The lights dim, and the room seems to draw inward, like it’s holding its breath. Molly feels it immediately in the way Summer’s hand tightens around hers. Or maybe it’s Molly tightening first. Their fingers are laced together, knuckles pressed white, neither of them willing to let go. Onstage, the presenter begins reading the nominees for Best New Artist. Each name is followed by applause that sounds careful, restrained, as if the audience is afraid to give too much to the wrong person. Molly keeps her eyes forward. If she looks at Summer now, she might cry, and this isn’t a place for that. Not under crystal lights and roaming cameras and an industry that loves you only as long as you keep shining. Instead, she focuses on the screen as faces and album covers flicker past.
Summer deserves this. The thought settles heavy in Molly’s chest. She deserves it in a way that feels inevitable. Molly has known talented people. Loved talented people. Loud ones, confident ones, people who confuse ambition with artistry. Summer has never that. Her brilliance is quieter, earned the hard way, carved out of nights spent rewriting lyrics until they hurt. Loving Summer has taught Molly that real talent doesn’t demand attention. It waits, patient, until the world catches up.
The presenter clears their throat. “And the award for Best New Artist goes to-”

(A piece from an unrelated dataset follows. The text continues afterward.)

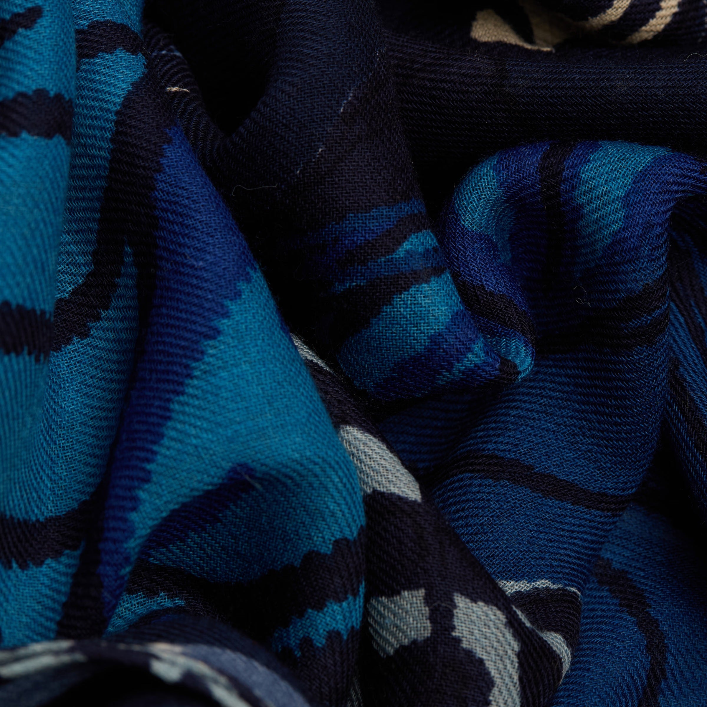 INOUI EDITIONS - PAPILLON (BUTTERFLIES) SQUARE WOOL SCARF IN BLUE

The pause stretches. Cameras sweep the crowd. Molly’s heartbeat roars in her ears.
“-Summer North.”
For a single, fragile second, nothing happens.
Then the room explodes.
Applause crashes in from all sides, sudden and overwhelming. Someone behind them gasps. The screen flashes Summer’s name in bold, undeniable letters. Molly turns just in time to see Summer’s reaction. Her own heart practically splitting down the middle as it gre from the sight alone. Molly leans in, grounding her with touch alone, pressing her forehead briefly to Summer’s temple. “You did it,” she murmurs, low and steady. “I'm so fucking proud of you," She whispered as tears flooded her eyes.